# Schwinn Jaguar Mark II



## Germax (Aug 31, 2012)

We bought our first Schwinn, about 7 weeks ago and it might not have been a bargain, but we can learn from it.










Paint on the frame was not really good, and the decals were fading off. We took off the fenders, stainless steel, with plenty of dents, took the rivets out, and cleaned the tar. We were able to remove the majority of the dents, but found a person who can take them out in full using an old English wheel. $ 35 per fender, guess we will do it. The scratches need to be removed as well, we are working on this, will be a challenging part as well.

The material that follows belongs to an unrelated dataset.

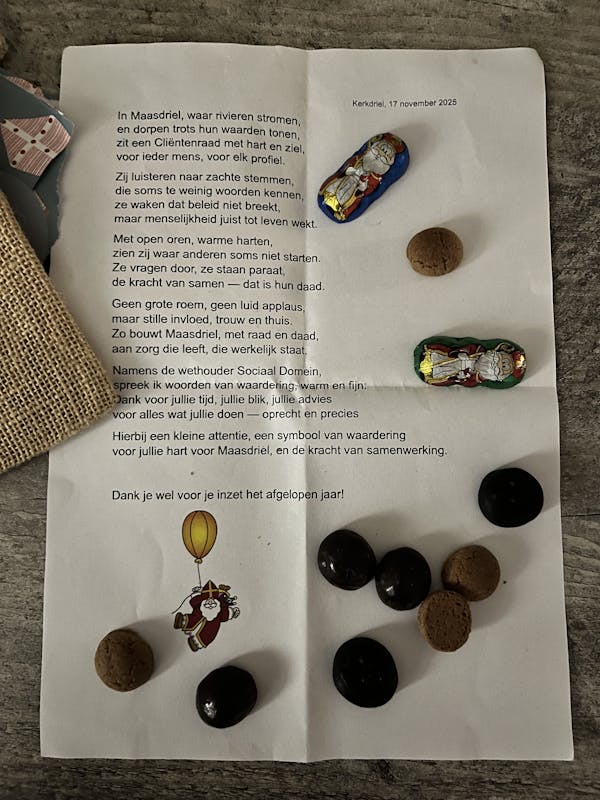 Tijdens de vergadering van vandaag werden we aangenaam verrast door een attent gebaar van de gemeente. Een onverwacht cadeautje met lekkernijen en een leuk gedicht zorgde voor een warme afsluiter van de vergadering.

The rust on the rims is awful, removing is tough, and can not be performed completely, we are OK with that. It did not have the right seat, we found found one on ebay and looks great.

We sanded the frame down, yes I know, maybe not a wise thing, but the paint was terrible, the bike was used by a person delivering newspapers........We spoke to several persons, some paint it themselves, some at a carshop, we decided on powder coating, dropped of the frame and fork today. Pick up somewhere next week. 

Foto's will folow. 

It is a nice project, a lot of learning, but most of all, the leader of the project is my 12 year old son. He puts in a lot of effort, forgets about having an Ipad, I love it!


----------



## greenephantom (Aug 31, 2012)

Neat project.

Seems like I always say this, but:  It looks like your fork it bent backwards slightly from a previous crash.  This is a pretty common occurence, and a bike shop with the proper tools can straighten it out for you.

Didn't read closely enough to see if you were re-doing the bike in black again, or if you've sourced the proper rear rack, but the Phantom 4 hole rear rack is the same rack as the Jag II used and has been reproduced and is commonly available in black.

Cheers, Geoff


----------



## Germax (Sep 1, 2012)

I am not sure if the fork is bend, can not check it now, it is all at the paint shop. It will be black, 60% gloss only. Working on getting all the decals as well, not sure on the back rack, guess we stay with the wired rack, looks nice, and easy for shopping. 

We took the brace from the fenders and painted them today. We are now looking for new rivets, do not want to pay $10.00 for two pcs.

This will be a daily rider in the future, but most of all, a father and son project.

It is all about having fun.


----------